Place Projects, in its Predictions 2015 report, says more than 35 large-scale residential buildings are under way across the city, adding a further 3850 apartments to the market which has expanded strongly in recent years.
Place Projects' Lachlan Walker says the city still needs an estimated 7000 infill apartments each year to satisfy projected population growth when looking at South East Queensland Regional Plan (SEQRP) statistics.
"There has been an undersupply of apartments in Brisbane over the past five years, however over the last couple of years we have had a big influx of new developers enter the marketplace and they are beginning to backfill demand in Brisbane," he says.
"Yes there is a lot of apartments coming to the market in Brisbane but in the long term we are always going to sit in that undersupply space if the SEQRP figures are correct.

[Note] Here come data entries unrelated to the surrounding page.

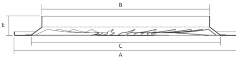
SSW-HC-12-L Lay-in Ceiling Type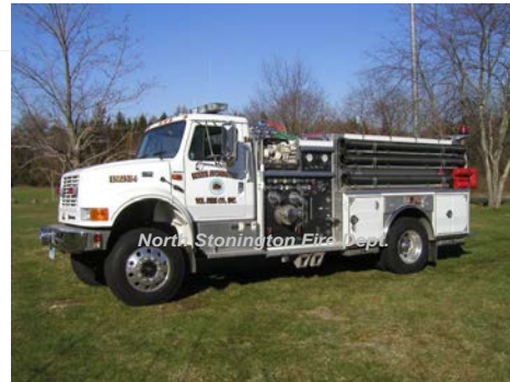
2001 Ferrara Fire App.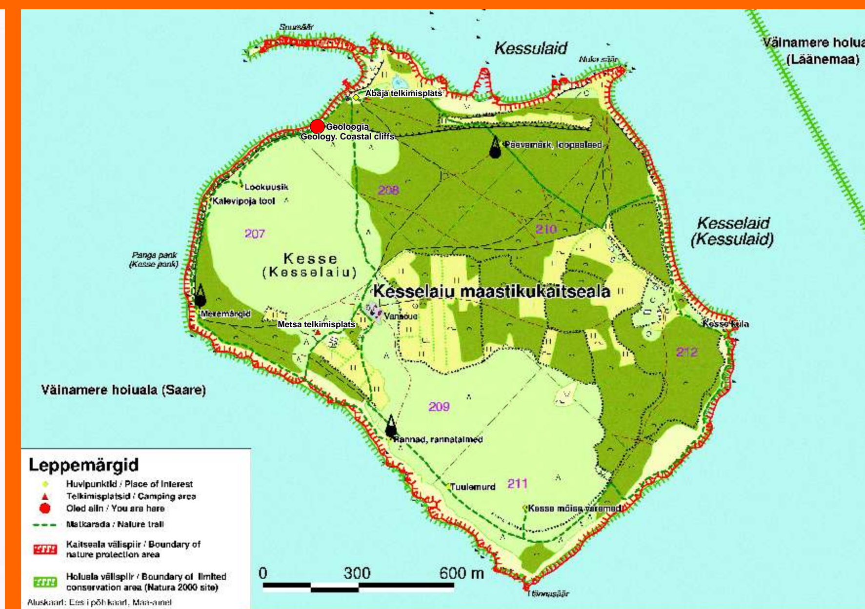
Leppemärgid Huvipunktid / Place of Interest Tellemisplatsid / Camping area Oled siin! / You are here Mälgurada / Nature trail Kaitseala villagil / Boundary of nature protection area Hoiuala villagil / Boundary of Embled conservation area (Natura 2000 site) Aluskart: Eesti põhi kaart, Maa- ja metsamajandus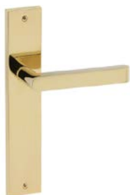
POWERCOAT POLISHED BRASS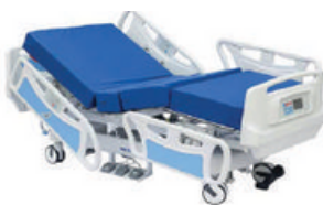
HOSPITAL / ICU BED

"The volume of apartments under way and in the pipeline is bigger than it has been for some years, but it still falls short of what is required to support our growing population."
Property commentator Terry Ryder disagrees and is warning property investors to steer clear of the Brisbane inner-city apartment market.
The founder of hotspotting.com.au says the city is currently facing an oversupply of apartments, despite calls in some quarters for more development and construction.
"The loudest noise in real estate is always the voice of vested interest which is usually agents and marketing people pushing their particular barrow," Ryder says.
"They make their living selling apartments, so they have a vested interest in arguing against the reality that vacancies are already high and are certainly going higher because of the level of new supply that is coming into the market."
Ryder says the additional apartments are only going to make the oversupply worse and developers are building apartments not to supply demand to the local market but they are doing it to sell to offshore investors.
"Developers believe that regardless of local supply, demand and high vacancies they can flog them to the Chinese," says Ryder.
"The impact is going to be that those investors are not going to be able to find tenants or they are going to have to severely cut rent and that is going to have an impact on the overall market.
"When rent is cut, values fall and that will impact existing local property investors and home owners in the Brisbane inner city area.
"Developers will be happy because they will have found buyers and they don't care who buys them and if buyers can't subsequently find tenants.
"I would urge local buyers to stay out of that market because they are going to be hurt by the inevitable decline in rents and values that are going to come from massive levels of new construction that is happening."
Among the projects proposed for Brisbane are Australand and Honeycombes Property Group's $232 million Coorparoo Square; Icon Milton, a $175 million residential projects being undertaken by Hong Kong-based GH Properties; and Property Solutions' $120 million Toowong Tower.